The pandemic also forced some changes in insurance. “Until the pandemic, the Medicare program would not cover a telephone conversation,” he explained. “Phone calls are refundable now.”
New technologies, such as text therapy or chat, are also promising, Gionfriddo said. Different groups need different types of care, and new technologies facilitate the spread of services in a relatively diffuse population.
“This gives us the ability to micro-target information and resources and actually build sufficient demand within smaller communities,” he said. “It won’t have to be done only locally.”
Telehealth will not solve every problem
But while telehealth can bring care to areas with few providers, it will not address America’s lack of mental health care.
“It does not expand the number of suppliers,” Gionfriddo said. “He only distributes them a little differently.” Stressing the importance of long-term, sustainable solutions, he noted that the emotional suffering of the pandemic could last far beyond the vaccine.
“The impact on mental health that is being felt today will be for many years to come,” Gionfriddo said. And, he explained, some of the worst consequences of untreated suffering – including suicide – can take a long time to occur.

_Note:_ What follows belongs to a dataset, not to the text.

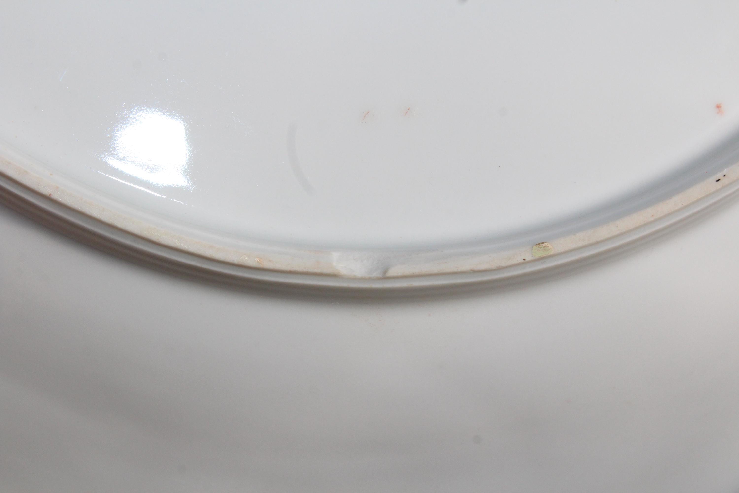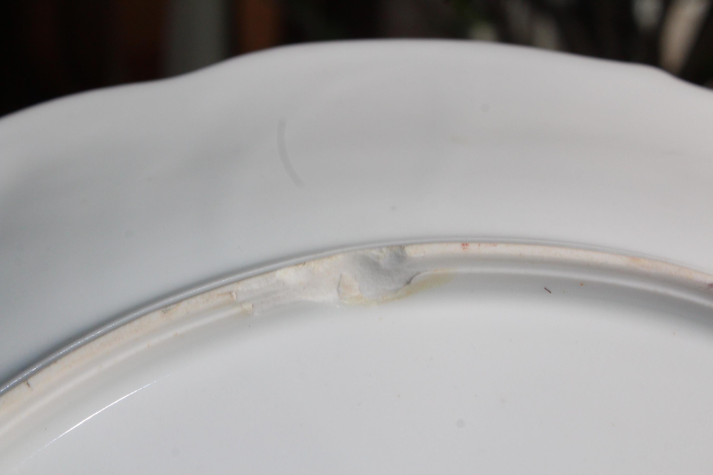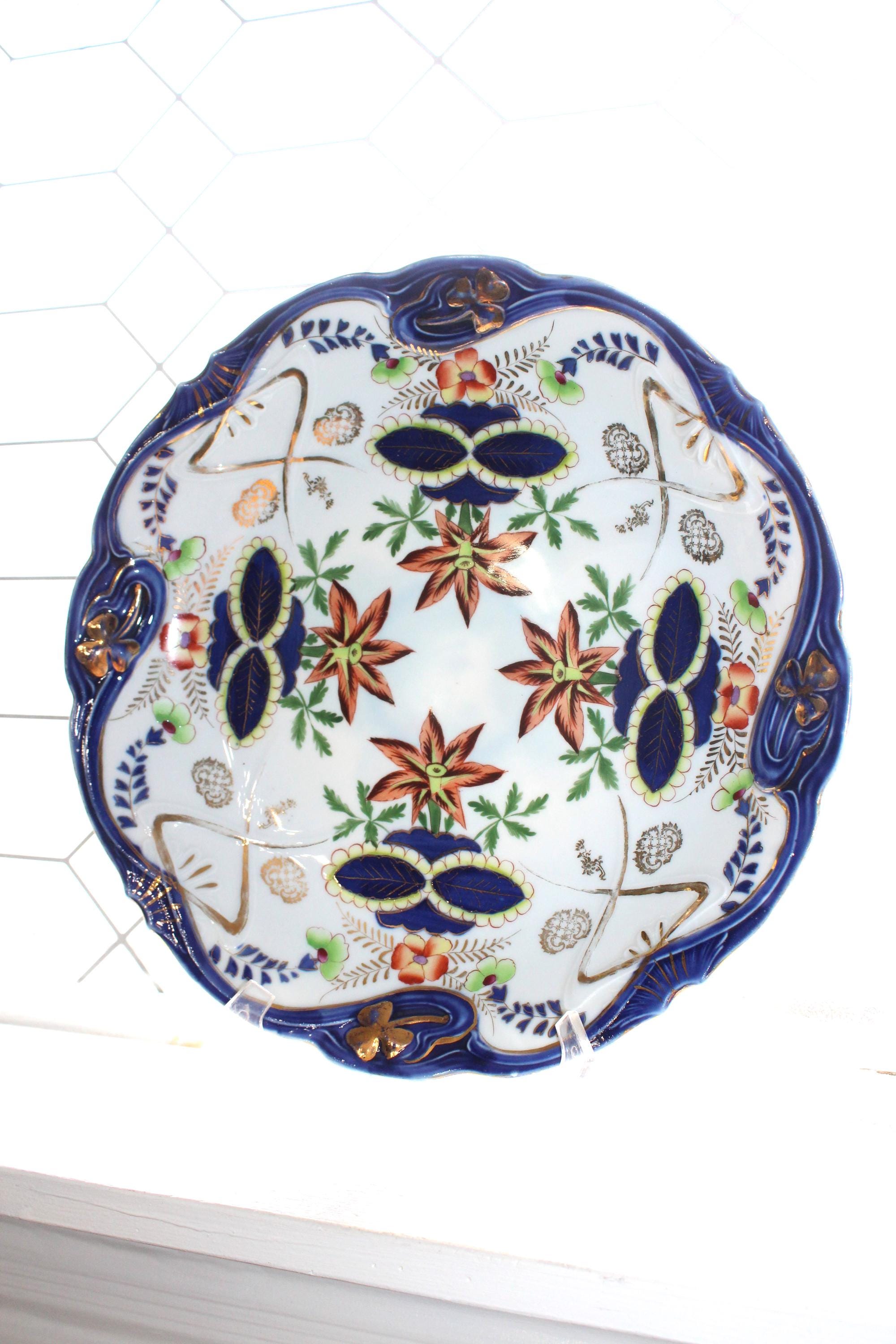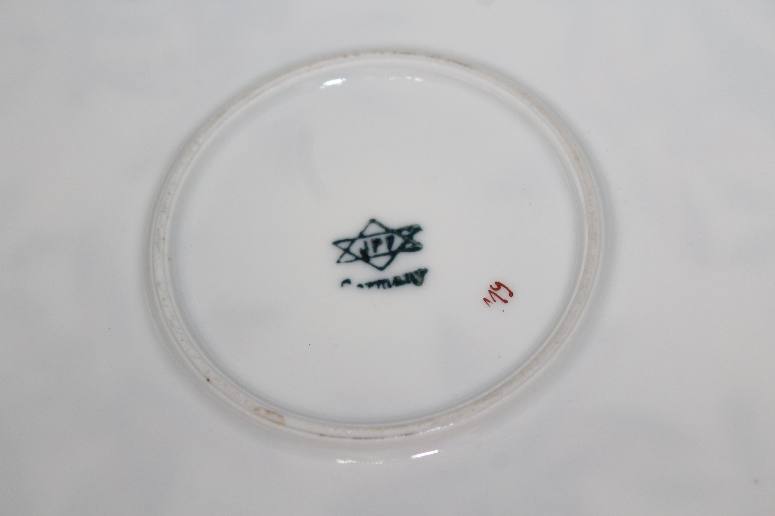 Gorgeous antique JPF (Ilmenau Porcelain Factory) Germany porcelain dish / charger plate. It measures 13 1/4" wide. There are 2 chips to the underside as shown in the photos, displays very well. Enjoy!

“No one will know if the suicide rate has risen as a result of the pandemic for at least a few years,” he said. But focusing on suicide rates in 2020 would be the whole wrong question, he added, because suicide is often a late-stage event that can occur after years of suffering.

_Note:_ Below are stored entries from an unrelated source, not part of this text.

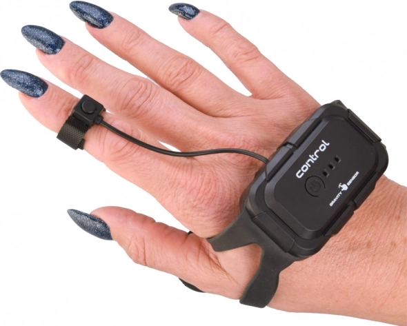 Le bracelet capteur au doigt réagit à l’inclinaison de la main : incliné vers l’avant, il avance ; vers l’arrière, il recule ; les mouvements latéraux gèrent le braquage. Une commande intuitive que les enfants maîtrisent immédiatement.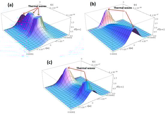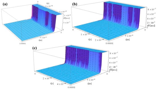 Figure 3a–c shows the thermal distribution within the Al sample in the case of 1, 10, and 100 as, respectively. As the laser–Al interaction time decreased from fs to as the number of thermal waves increases. While shifting from fs to as regime, the laser intensity is more powerful. It produces an explosion upon impact with the sample surface, as the optical energy cannot be converted into thermal or vibrational energy in the as time frame. The pulse, in return, generates a thermal wave with a higher magnitude compared to the fs regime. The explanation, provided for Figure 2 using Equation (12), applies also here: the higher the pulse duration, the lower the total energy of a pulse in FWHM. This behavior can be clearly observed while shifting from 1 to 10 as and 10 to 100 as. One can analyze the higher number of thermal waves in Figure 3a compared to Figure 3b,c. The summation of thermal waves in Figure 3a results in a higher peak magnitude than the rest of the presented graphics.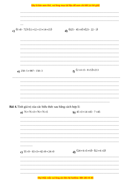 Bài 4.Tính giá trị của các biểu thức sau bằng cách hợp lí: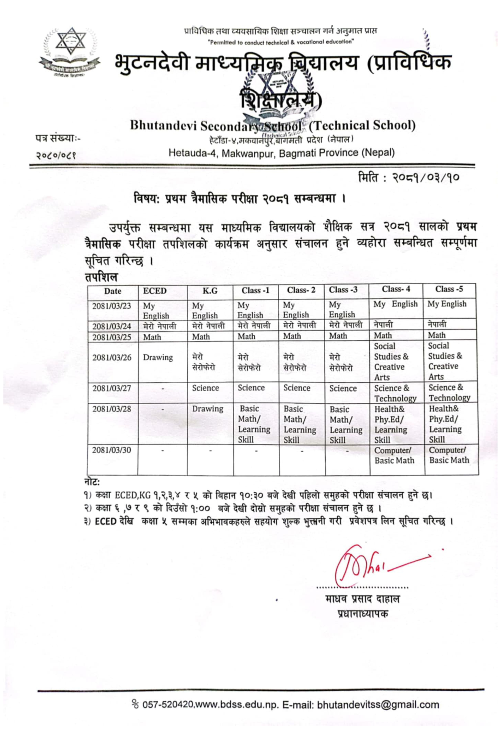 प्रथम त्रैमासिक परीक्षा २०८१ सम्बन्धमा FacebookTwitterPinterestWhatsApp RELATED ARTICLESMORE FROM AUTHOR सूची दर्ता गर्ने सम्बन्धी सूचना। SEE नतिजा २०८१ सूचिकृत हुन आउने सम्बन्धी सूचना नविन सिग्देल, अध्यक्ष, विद्यालय व्यवस्थापन समिति admin - August 4, 2020 माधवप्रसाद दहाल, प्राचार्य, भुटनदेवी माध्यमिक विद्यालय admin - June 4, 2020 योग्य तथा अनुभवि शिक्षकशिक्षिकाहरुद्धारा अध्यापन । admin - June 1, 2020 नियमित आवधिक परिक्षा सञ्चालन तालिका । admin - June 1, 2020 खेलकुद र अन्य सहक्रियाकलापको व्यवस्था । admin - June 1, 2020 कडा शैक्षिक गुणस्तर अनुशासन कायम । admin - June 1, 2020

“In fact, you have to look at suicide rates over the next 15 years to get an idea of how deeply the pandemic has affected the nation’s mental health,” Gionfriddo said.
Finding – and asking for – the help you need
If you are looking for mental health care, experts say it is important to start immediately. Despite the shortage, help is there. If you have health insurance, a good place to start is to call the insurer’s information line to request contact information from network providers.
After weeks of phone calls and delays, Syracuse found a psychiatrist who could write a new prescription for antidepressants. It made a difference. “Since I changed my medicine, I’ve felt 100 times better,” he said. “Everything is not as big of a fight as it was, which is very easy.”
One problem, Syracuse said, is that symptoms of depression and other mental illnesses can make it difficult to stay motivated while seeking care. It’s easy to give up when things feel so difficult.
If you struggle with this, Syracuse recommended that you ask a loved one to provide logistical support. When he told his wife about the lack of care, she volunteered to appeal on his behalf.
“It was very helpful,” he said. “It kind of took my toll.”